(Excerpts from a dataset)
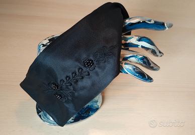 Guanti donna lunghi fino al gomito in raso nero, con elegante strasse sul dorso. Nuovi. tg. 7.
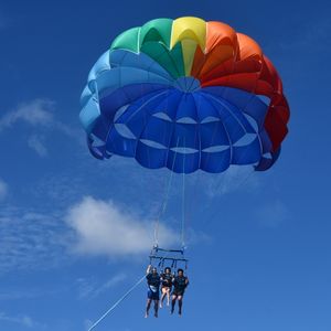 初パラセイル。全く英語が分からない親子で参加。受付のスタッフさんは少し日本が分かる方でしたが、ボートのスタッフさん2名は英語のみ。私たちを含めて5組(2組は外国人、3組は日本人)で出発。スタッフさんの決めた順番で1組ずつ飛びました。途中、お一人の方が船酔いで海に◯いていたので、乗り物酔いされる方は対策が必要かと思います。パラセイルする際は、サングラスと首からスマホをかけたままでOKでした(自己責任で)。降りる時は足が膝くらいまで水に着いたタイミングでもう一度少し飛ばして(浮かせて)くれて、最終的にはボートの上に降ろしてもらえたのでほとんど水にぬれませんでした。スタッフさんの話(英語)は全く分かりませんでしたが、楽しい雰囲気は伝わってきましたし、実際にとても楽しめました!受付から解散まで約1時間半で、ヒルトンの近くという場所を考えると気軽に体験できるアクティビティだと思います。
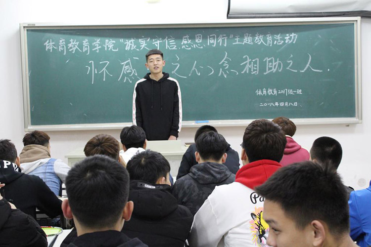 本次班会活动是36365最新线路检测中心“诚实守信,感恩同行”主题系列教育活动之一,班会主要围绕“感恩教育”开展,36365最新线路检测中心2016级学长班主任王超在主持班会中讲到,感恩是构建和谐社会的基础,感恩是中华民族的传统美德,只要拥有一颗感恩的心,就会觉得世界很美好,同学们应常怀感恩之心,常念相助之人。
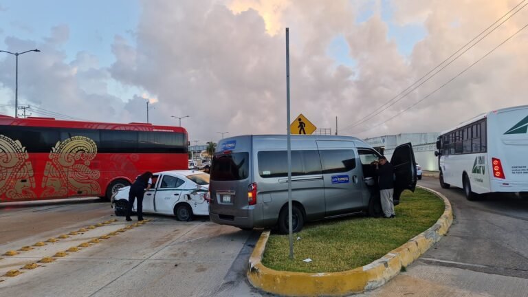 CANCÚN.- Un aparatoso hecho de tránsito se registró la mañana de este domingo sobre el bulevar Luis Donaldo Colosio, a la altura de Cancún Park, donde tres vehículos resultaron involucrados tras la pérdida de control de un autobús.
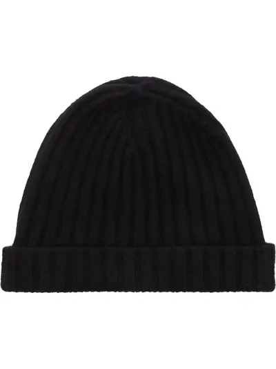 wool beanie hat from JIL SANDER featuring black, wool, ribbed knit and turn-up hem.
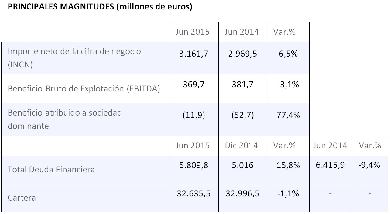 El Ebitda alcanza los 369,7 millones, un 3,1% inferior al del primer semestre de 2014
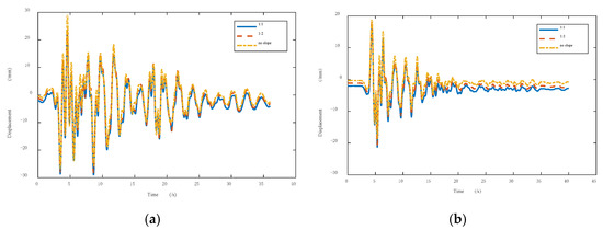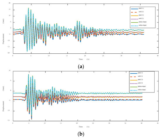 Figure 10 and Figure 11, respectively, show the lateral displacement time history curve of the piles and soil. The monitor points were at buried depths of 3 m and 6 m of the leftmost pile. As seen in the figures, the lateral displacement of the pile was different under the action of the two seismic waves, as was the lateral displacement of the soil. Additionally, the slope rate had the same influence on the lateral displacement of piles and soil.
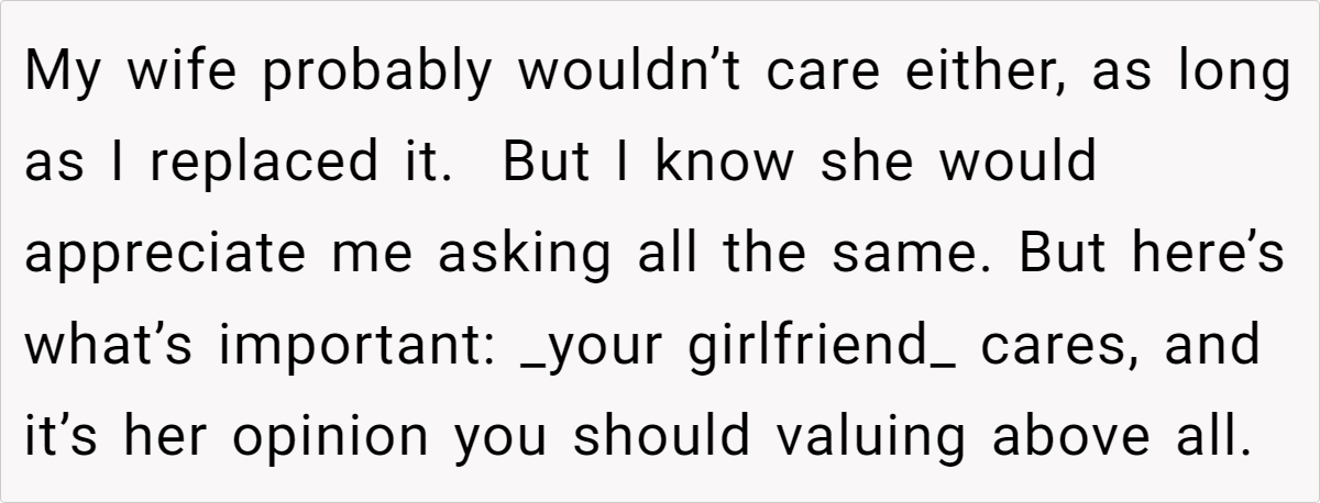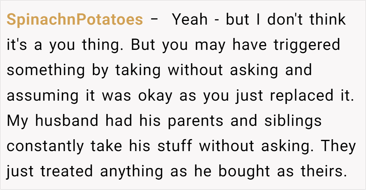 Furthermore, it’s crucial to consider each person’s background. Perhaps the girlfriend grew up in a household where siblings routinely took items without asking, leaving her feeling violated or overlooked. Meanwhile, the boyfriend might have come from a family culture where sharing was the norm, no questions asked. Social learning deeply influences how we approach shared spaces in adulthood, and acknowledging these differences helps calm emotional triggers.
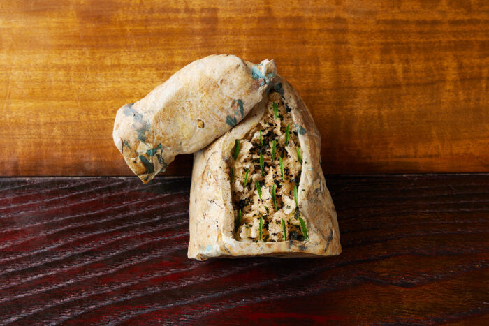 豆乳を使った加工品は数多く存在します。昔から、精進料理などで豆乳を活かした料理がたくさん作られてきましたが、伝統的な調理法がありながらもまだまだ面白い使い方の可能性が残されていると感じています。豆乳から作られる湯葉は、包む料理に適しており、味が繊細であっさりとしていて癖がないため、様々な食材と組み合わせることが可能です。今回は、特徴的な味や香りを持つ食材と合わせて仕上げました。
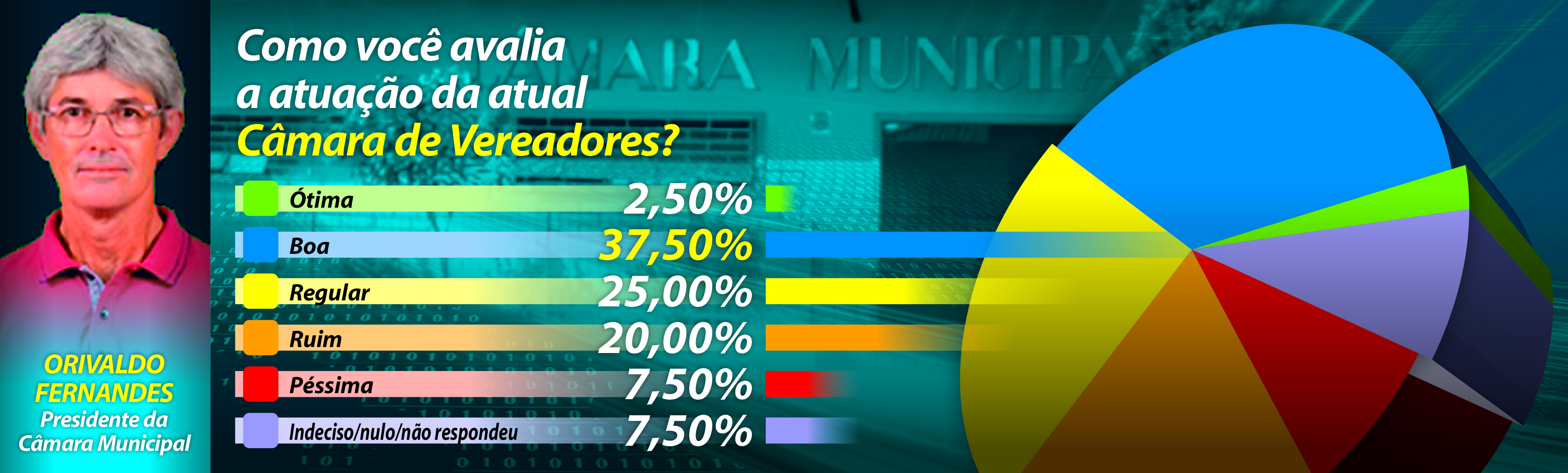 Já a atuação do Legislativo Municipal pedranopolense, conjuntamente, foi rejeitada por 27,50% dos respondentes (20% que a classificaram como ‘ruim’ e outros 7,50% que afirmaram ser ‘péssima’). Por outro lado, 40% aprovam os trabalhos dos vereadores, fruto de 2,50% de avaliação ‘ótima’ e de 37,50% de ‘boa’. Como ‘regular’ manifestaram-se 25% dos entrevistados.
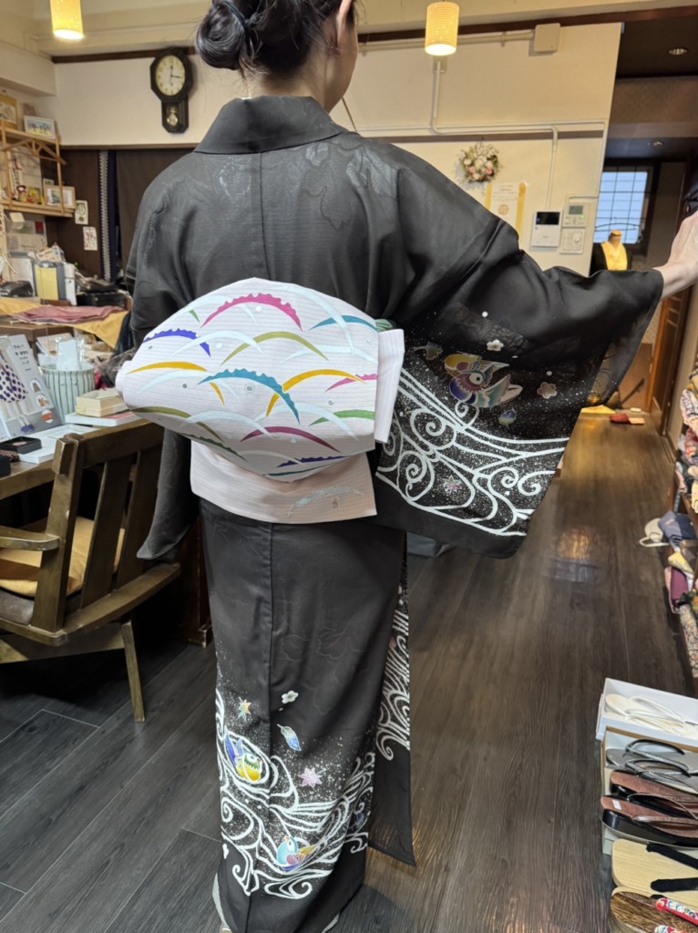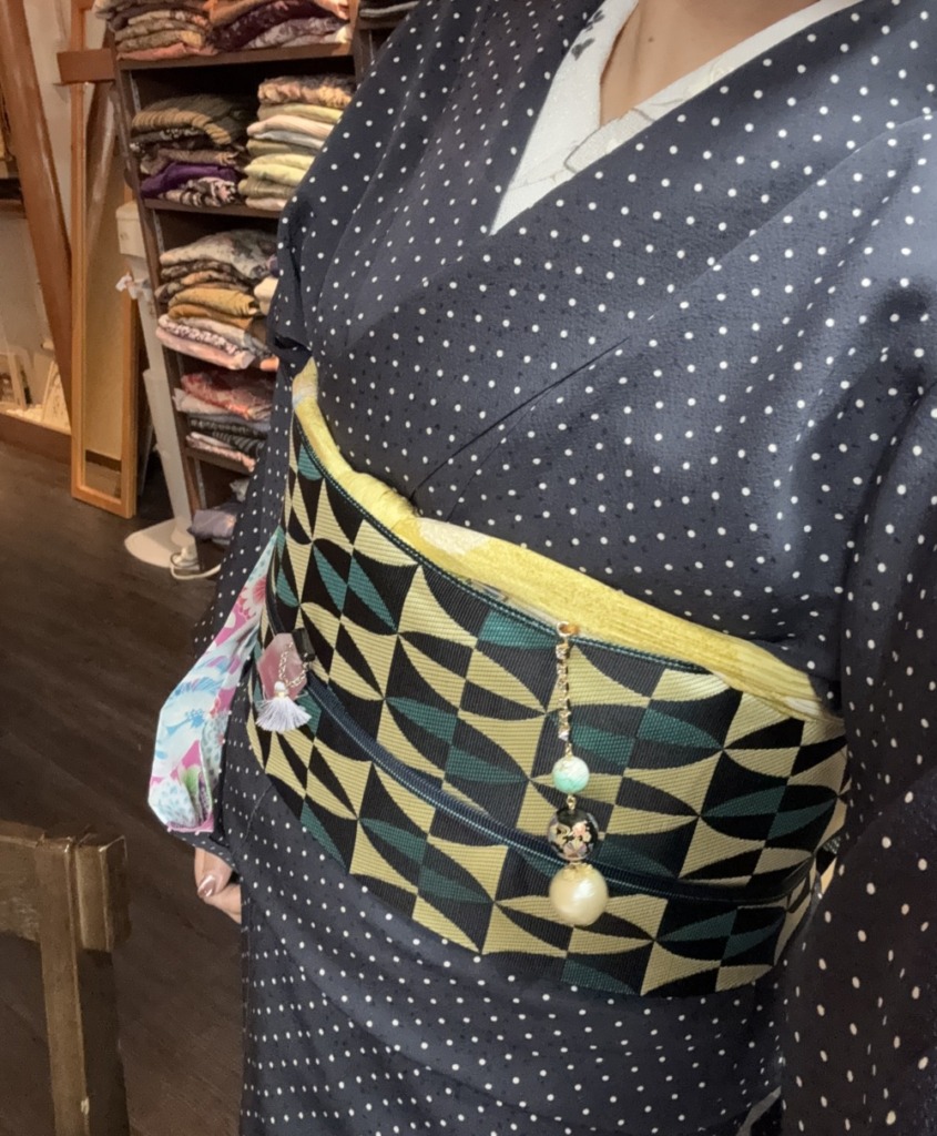 またこちらの帯と小物も、ちょっとひねったコーデでGOOD❣️オシャレになりましたよ!

What needs to be done:
Going by the entries above, repeat exactly the lines that start at the line with "El Ebitda alcanza" and go on through the line with "Figure 10 and". Pictures are not part of the copy.

Reply to the task:
 El Ebitda alcanza los 369,7 millones, un 3,1% inferior al del primer semestre de 2014
 Figure 10 and Figure 11, respectively, show the lateral displacement time history curve of the piles and soil. The monitor points were at buried depths of 3 m and 6 m of the leftmost pile. As seen in the figures, the lateral displacement of the pile was different under the action of the two seismic waves, as was the lateral displacement of the soil. Additionally, the slope rate had the same influence on the lateral displacement of piles and soil.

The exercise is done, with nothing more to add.